- Conservation status: Least Concern (IUCN 3.1)

Scientific classification
- Kingdom: Animalia
- Phylum: Chordata
- Class: Aves
- Order: Passeriformes
- Family: Locustellidae
- Genus: Locustella
- Species: L. naevia
- Binomial name: Locustella naevia (Boddaert, 1783)

= Common grasshopper warbler =

- Genus: Locustella
- Species: naevia
- Authority: (Boddaert, 1783)
- Conservation status: LC

Species of bird

The common grasshopper warbler or just grasshopper warbler (Locustella naevia) is a species of Old World warbler in the genus Locustella. It breeds across much of temperate Europe and the western Palearctic. It is migratory, wintering across northern tropical Africa just south of the Sahara, and also locally in India.

This small passerine bird is found in dense grassland vegetation, often close to water, and usually with a few small scattered shrubs. It is a medium-sized warbler about 13 cm long. The adult has a streaked brown back and whitish grey underparts which are unstreaked except on the undertail coverts. The sexes are identical, as with most warblers, but young birds are yellower below. Like most warblers, it is insectivorous. Four to seven eggs are laid in a nest on or near the ground in thick vegetation or in a tussock of grass.

This is a species which skulks in the undergrowth, creeping through bushes and low foliage, and which is very difficult to see except when singing from a prominent position.
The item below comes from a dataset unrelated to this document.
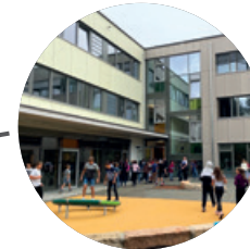
Realschule Dußlingen → 2019

The song, which gives this species its name, is a mechanical grasshopper-like reeling, often given at dawn or dusk.

==Taxonomy==
The Italian naturalist Ulisse Aldrovandi included the common grasshopper warbler in the second volume of his Ornithologiae. Aldrovandi died in 1605 but the volume was not published until 1637. In 1760 the French zoologist Mathurin Jacques Brisson included a detailed description of the common grasshopper warbler in his Ornithologie. He used the French name La fauvette tachetée and the Latin name Curruca naevia but although Brisson coined Latin names, these do not conform to the binomial system and are not recognised by the International Commission on Zoological Nomenclature.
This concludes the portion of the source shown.